_Problem details_.
Repeat exactly the line with "Ein kompakter und" and each line after it to the end of the data below; pictures stay out.

##### Data shown #####

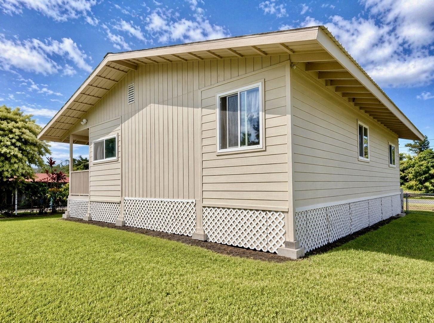 Fully Furnished | Move-In Ready | Just 2 Miles from the Ocean Welcome to this charming 3-bedroom, 2-bath home in the desirable Hawaiian Beaches Subdivision–offering comfort, convenience, and easy island living. Built in 2014, this 1,120 sqft home sits on a spacious 12,040 sqft lot surrounded by lush tropical greenery. Step inside to a bright, open-concept layout filled with natural light. The kitchen offers ample counter space and pantry storage, while the primary suite provides a private retreat with outdoor access and a jacuzzi tub. All bedrooms are generously sized with walk-in closets and custom shelving. Turnkey and thoughtfully upgraded, this home is being sold fully furnished and includes a new tankless water heater, new gas stove (oven range still in box), and new ceiling fans throughout–ready for immediate enjoyment. The post-and-pier foundation allows for added airflow, storage, and easy maintenance. Additional features include a covered carport, multiple storage sheds, and a Matson container with building materials. Tools and equipment are negotiable. Located just 2 miles from the ocean, enjoy coastal breezes and convenient access to nearby shoreline areas. With no HOA fees, county water, overhead power, and internet/cable availability, this Fee Simple property is ideal as a full-time home, second residence, or investment. Flood Zone X (no flood insurance required) | Minutes to Pahoa town for shopping, dining, and amenities. Move-in ready and fully equipped–don’t miss this opportunity to step into your Hawaii lifestyle with ease.
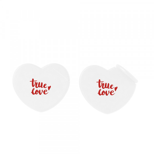 Ein kompakter und flacher herzförmiger Spender aus Kunststoff, gefüllt mit ca. 8 Gramm (50 Stück) zuckerfreien Pfefferminzdrops.
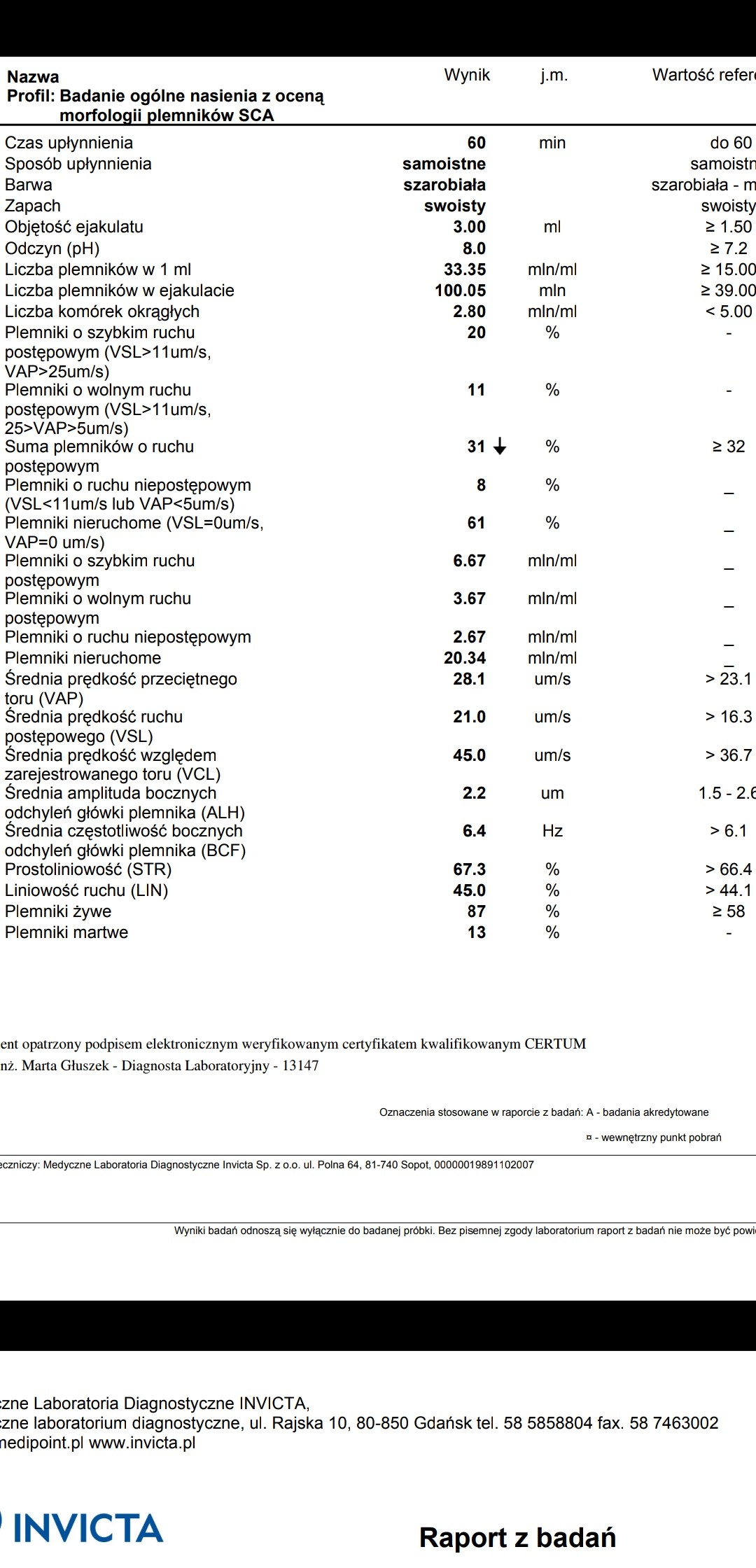 Nie ma.Albo mam coś z oczami albo źle patrzę - czy na wyniku jest % plemników o prawidłowej budowie?

#####

_Answer space_.
 Ein kompakter und flacher herzförmiger Spender aus Kunststoff, gefüllt mit ca. 8 Gramm (50 Stück) zuckerfreien Pfefferminzdrops.
 Nie ma.Albo mam coś z oczami albo źle patrzę - czy na wyniku jest % plemników o prawidłowej budowie?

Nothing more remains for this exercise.